Quadro de Pessoal em Razão do Vínculo

Artigo 9.º
Pessoal do quadro definitivo, eventual e assalariado
  1. 1. As necessidades permanentes dos serviços públicos são asseguradas pelos funcionários do quadro definitivo.
  2. 2. O pessoal do quadro eventual compreende os agentes administrativos que ingressam na função pública através de contrato administrativo de provimento e nela permaneçam durante cinco anos.
  3. 3. Os agentes administrativos positivamente avaliados durante cinco anos consecutivos de actividade nos serviços públicos transitam para o quadro definitivo.
  4. 4. O contrato administrativo de provimento constitui a regra de ingresso dos agentes administrativos na função pública.
  5. 5. As necessidades transitórias e excepcionais, quando não possam ser asseguradas pelo pessoal do quadro definitivo e do quadro eventual, são satisfeitas por pessoal contratado a prover em regime de contrato de trabalho por tempo determinado, constituindo o pessoal do quadro assalariado.

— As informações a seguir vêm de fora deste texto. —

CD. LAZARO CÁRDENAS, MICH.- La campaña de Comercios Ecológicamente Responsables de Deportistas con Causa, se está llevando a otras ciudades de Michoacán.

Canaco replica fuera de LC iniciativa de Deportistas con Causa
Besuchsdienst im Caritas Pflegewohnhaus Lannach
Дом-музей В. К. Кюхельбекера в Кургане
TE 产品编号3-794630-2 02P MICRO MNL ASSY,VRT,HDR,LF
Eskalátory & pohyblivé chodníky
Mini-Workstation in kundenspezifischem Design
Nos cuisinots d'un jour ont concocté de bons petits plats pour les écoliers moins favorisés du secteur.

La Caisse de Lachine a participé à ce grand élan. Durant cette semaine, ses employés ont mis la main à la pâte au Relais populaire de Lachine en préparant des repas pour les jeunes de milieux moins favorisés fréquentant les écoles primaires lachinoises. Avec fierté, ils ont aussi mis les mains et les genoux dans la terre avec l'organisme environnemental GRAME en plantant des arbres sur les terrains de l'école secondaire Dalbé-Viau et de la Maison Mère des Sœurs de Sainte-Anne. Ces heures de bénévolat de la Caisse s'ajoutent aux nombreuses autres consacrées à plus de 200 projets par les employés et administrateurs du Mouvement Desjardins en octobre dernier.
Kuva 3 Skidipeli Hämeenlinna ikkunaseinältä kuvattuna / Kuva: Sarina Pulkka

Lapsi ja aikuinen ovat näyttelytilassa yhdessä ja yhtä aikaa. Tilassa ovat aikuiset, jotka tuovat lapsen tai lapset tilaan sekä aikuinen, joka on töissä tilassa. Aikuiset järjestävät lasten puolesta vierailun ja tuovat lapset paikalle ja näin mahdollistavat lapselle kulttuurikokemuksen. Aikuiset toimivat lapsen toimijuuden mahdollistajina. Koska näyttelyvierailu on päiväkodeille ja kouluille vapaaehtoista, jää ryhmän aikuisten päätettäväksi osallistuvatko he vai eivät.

  6. 6. O contrato administrativo de provimento concede a faculdade do trabalhador exercer as funções de serviço público com sujeição ao regime da função pública sem obter a qualidade de funcionário público durante um período de até cinco anos.
  7. 7. O contrato de trabalho por tempo determinado tem a duração de até um ano e concede ao trabalhador o exercício de missões e tarefas ligadas ao serviço público nos casos de aumento temporário de volume de trabalho dos serviços, de necessidade de desenvolver actividades sazonais ou de execução de tarefas específicas de curta duração.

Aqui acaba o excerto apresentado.